Also known as data wrangling
.bib files to Biblioshiny to exclude duplicates
.RIS files into Endnote records to detect duplicates and visually scan
Files can be cleaned using OpenRefine recommended by the VOSviewer manual p.31
OpenRefine is a powerful free, open source tool for working with messy data: cleaning it; transforming it from one format into another; and extending it with web services and external data.
p.31 VOS Viewer Manual
"When creating a map based on bibliographic data, a VOSviewer thesaurus file can be used to merge different variants of a source title, an author name, an organization name, a country name, or a cited reference.13 This may for example be useful when the name of a researcher is written in different ways in different documents (e.g., with the first initial only or with all initials). A VOSviewer thesaurus file can then be used to indicate that different names in fact refer to the same researcher. When creating a map based on text data, a VOSviewer thesaurus file can be used to merge terms. This may be useful not only for merging synonyms (e.g., ‘h-index’ and ‘Hirsch index’), but also for correcting spelling differences (e.g., ‘behavior’ and 13 An alternative approach to data cleaning is the use of the OpenRefine tool available at https://openrefine.org. A tutorial explaining the use of OpenRefine to clean Web of Science or Scopus data can be found at https://bit.ly/2H9l31z. 32 ‘behaviour’). In addition, it may also be useful for merging abbreviated terms with full terms (e.g., ‘JIF’ and ‘journal impact factor’). A thesaurus file can also be used to ignore terms. For example, when working with titles and abstracts of scientific publications, one may want to ignore general terms such as ‘conclusion’, ‘method’, and ‘result’. We refer to Section 4.3 for a technical discussion of VOSviewer thesaurus files. "
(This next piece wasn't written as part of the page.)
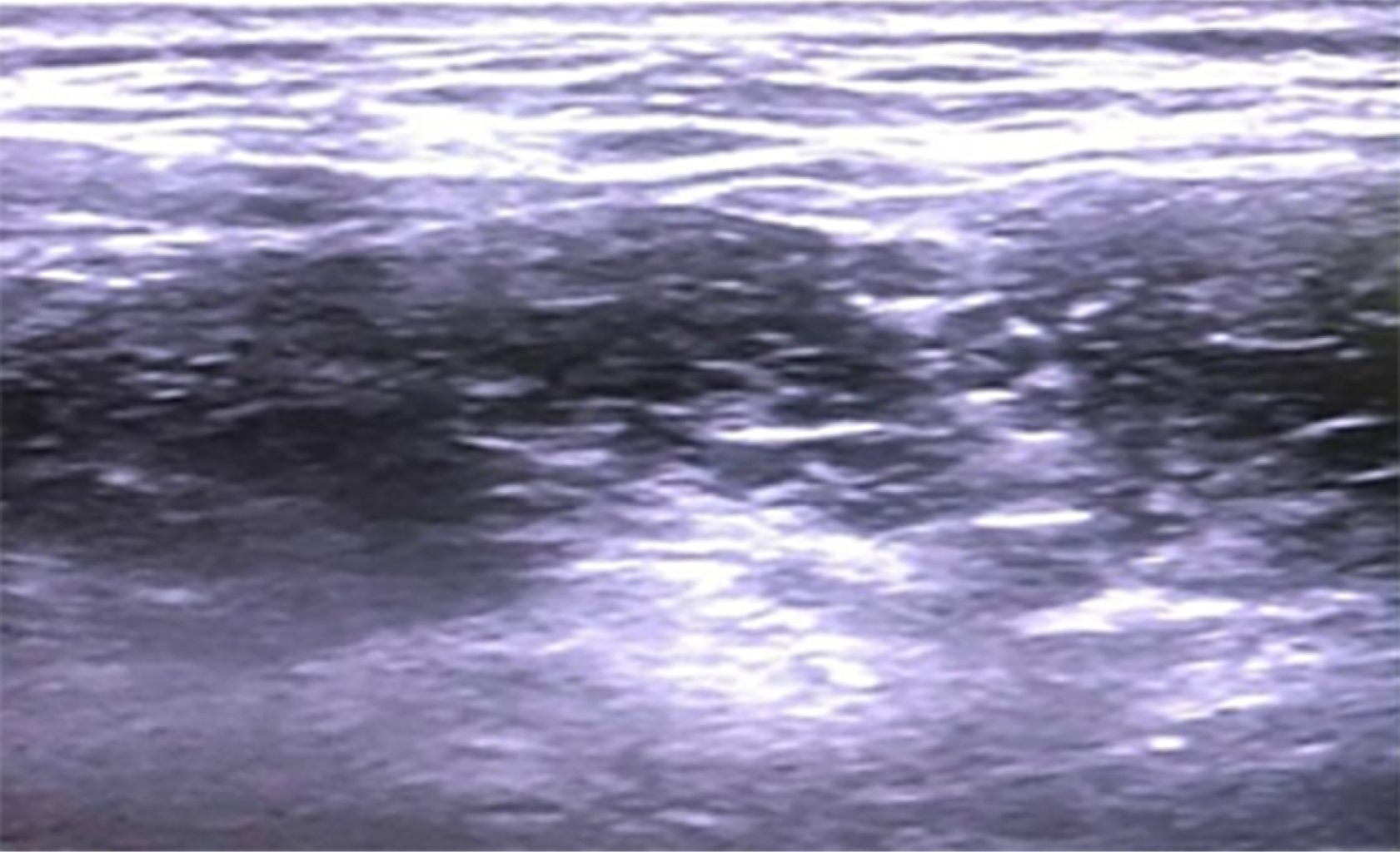 Una vez asegurada la vía aérea, con técnica estéril y bajo visión ecográfica, ultrasonido GE Logic P6 PRO, transductor lineal 12 MHz, se coloca bloqueo del plexo braquial de abordaje interescalénico con técnica en plano aguja ecogénica 21 G y se administra ropivacaína 0.5% 15 mL más dexmedetomidina 50 μg perineural (Figura 3).

The aim is to gather as many articles with the 'aboutness' of presence. This meant collecting far too many in the database search then filtering later. Lots of data cleaning but this was far more inclusive than trying to filter with a database or to do it via macros/algorithms. Human error increases with visual scanning however the trade off was to include more literature in the analysis. Conditional formatting and macros create the contrast that made visual scanning quite quick and with low error rate. If in doubt about an article, if it mentioned presence, immersion, in the context of virtual reality, I left it in. This may have included articles that did not refer to VR as immersive VR with HMD, however, this may not be a bad thing since this review is inclusive of these and may provide useful insights. I do wonder if leaving those articles in biases the data but I am assuming (check outcomes) that the VR and presence articles with greater cocitation will rise to the top and less relevant articles will naturally be relegated to lower in the impact and not be very present in this data analysis.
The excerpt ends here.